In the wake of the ruling from a federal judge this past Friday, San Francisco will not be able to clear out the large number of homeless encampments scattered around the city because it has not yet offered proper shelter to the inhabitants of the encampments.
Officials from the city have been carrying out sweeps in which it confiscated the tents and other belongings of the homeless population living in a number of tent cities until Magistrate Judge Donna Ryu in the U.S. District Court in Oakland instituted an emergency order effectively banning the process from taking place, explained a report from the San Francisco Chronicle. The order was issued in the wake of a group of homeless plaintiffs slamming the city with a lawsuit about the practice taking place.
“Mayors cannot run cities this way,” exclaimed Mayor London breed. “We already have too few tools to deal with the mental illness we see on our streets. Now we are being told not to use another tool that helps bring people indoors and keeps our neighborhoods safe and clean for our residents.”
Ryu stated that the currently established laws for the city explain that it needs to offer shelter to these homeless people prior to stepping in to break up and clear out encampments, but in order to do so the city would be forced to set up multiple thousands of additional beds within shelters to meet the needed quota. Evidence was highlighted by Ryu that explained that the city routinely failed to make the offer of shelter prior to dismantling and clearing out these encampments while improperly taking or disposing of the belongings of the people living there, including items such as cellphones, medication, identification, and even prosthetic limbs.

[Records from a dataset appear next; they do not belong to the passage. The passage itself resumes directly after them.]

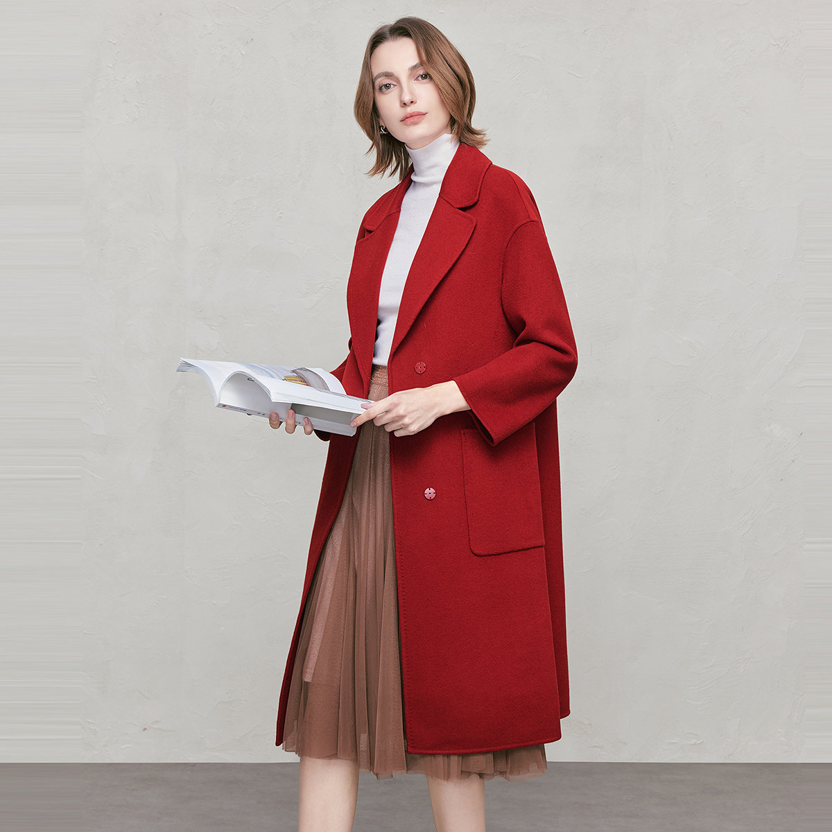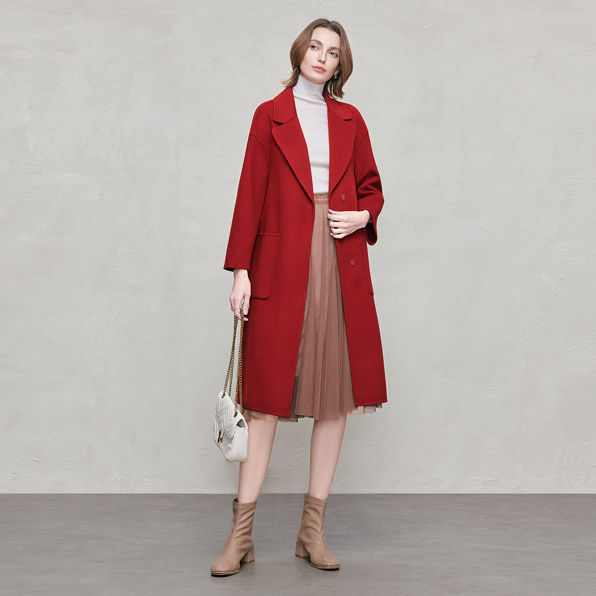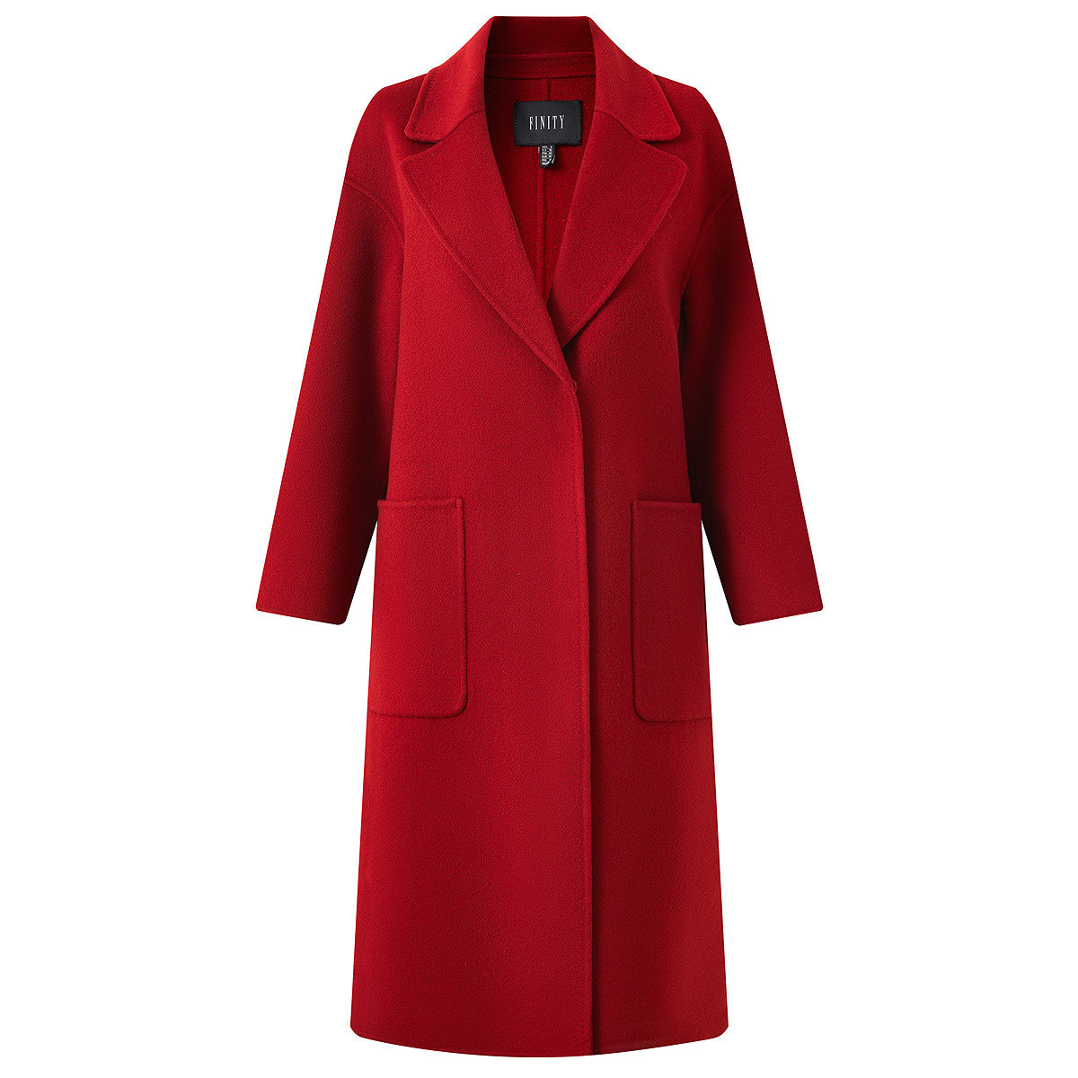 FINITY菲妮迪毛呢外套2026年春季新款红色双面呢长款羊绒大衣女士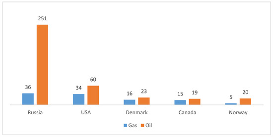 Based on the indicated methods, below we note the results of the studies. The conducted comparative statistical study made it possible to show that the undoubted strength of the production of offshore hydrocarbons in the Arctic is that several companies already operate in these conditions and have unique experience in the special offshore conditions of the Arctic [19,20]. This, combined with the fact that Russia’s merchant fleet has a strong position in the world, allows it to compete successfully in the future. Abroad, the development of marine hydrocarbon resources in the Arctic is carried out mainly in the United States (Alaska) and Norway. In the US, oil production is carried out by such major companies as ExxonMobil, BP, Shell and others. The Arctic and the Northern Sea Route are one of the main growth drivers for the oil and gas industry in the coming decades [21], and fuel and energy facilities act as a «locomotive» for the formation of regional infrastructure and accelerate the socio-economic development of the Arctic [22]. According to the National Petroleum Council, the Arctic accounts for up to 25% of all undiscovered traditional hydrocarbon resources of the planet, of which the discovered oil and gas reserves in this region amount to 191 billion barrels of oil equivalent, and potential resources are estimated at 525 billion barrels of oil equivalent, a significant part of the hydrocarbon potential of the Arctic falls on the shelf of the Arctic seas (Table 1).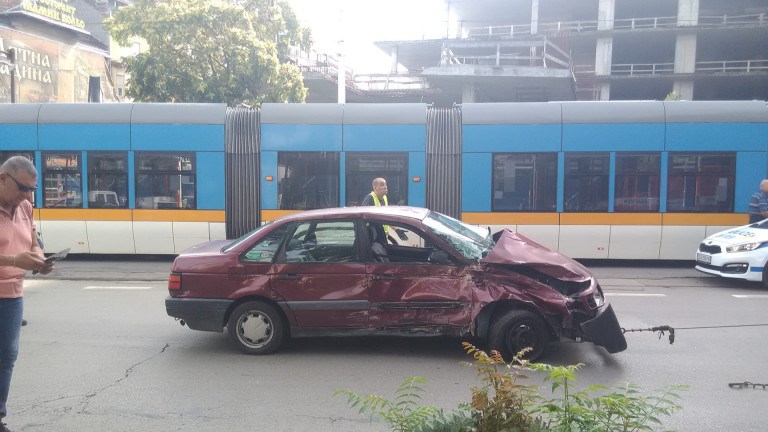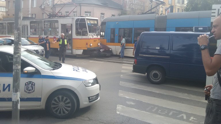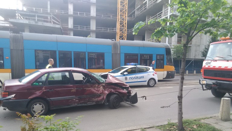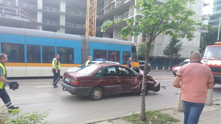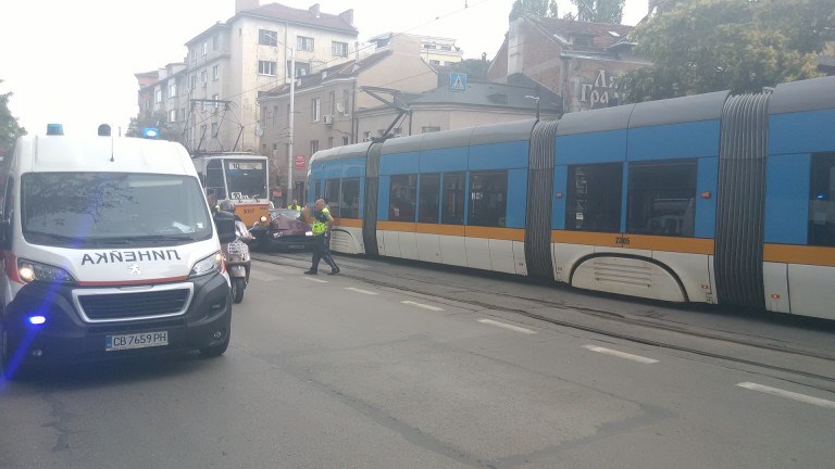 Тежка катастрофа на бул. Христо Ботев в София. Червен Фолксваген се е оказал между два трамвая. На място пристигна и линейка на Спешна помощ. Няколко полицейски коли също са на мястото на инцидента, съобщи News.bg.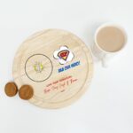 Printed Round Wooden Tea and Biscuits Tray – Engraved Look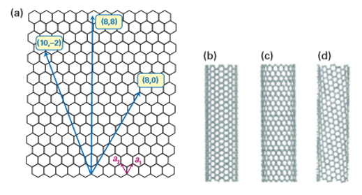 Figure 25.17 (a) The honeycomb structure of a graphene sheet. Single-walled carbon nanotubes can be formed by folding the sheet along lattice vectors, two of which are shown as a1 and a2. Folding along the (8,8), (8,0), and (10,–2) vectors leads to armchair (b), zigzag (c), and chiral (d) tubes, respectively. (Based on H. Dai, Acc. Chem. Res., 2002, 35, 1035.) (Reproduced with permission from the American Chemical Society.)

"the stench from the bench is making me clench!" IT'S THE ACLU vermin who block cities from clearing homeless cesspools from our streets. ARREST THE ACLU lawyers as domestic terrorists. https://t.co/Aqf46aN9RY
— Michael Savage (@ASavageNation) December 24, 2022
Breed explained that a large number of the homeless people that had their encampments become the target of these cleanup efforts first refused assistance from the city. She stated that a number of them even own homes, but utilize the camps for “drug dealing, human trafficking, and other illegal activities.”
Legal representation for the city claimed that the homeless people were given fair notice of when the camps are slated for clearing, are given offers of assistance, and are only made to leave if they choose to not go along with the offered alternative housing. San Francisco has roughly 7,800 homeless people and the officials for the city have expressed acknowledgment that it does not have the needed number of shelters to effectively accommodate the total number of homeless.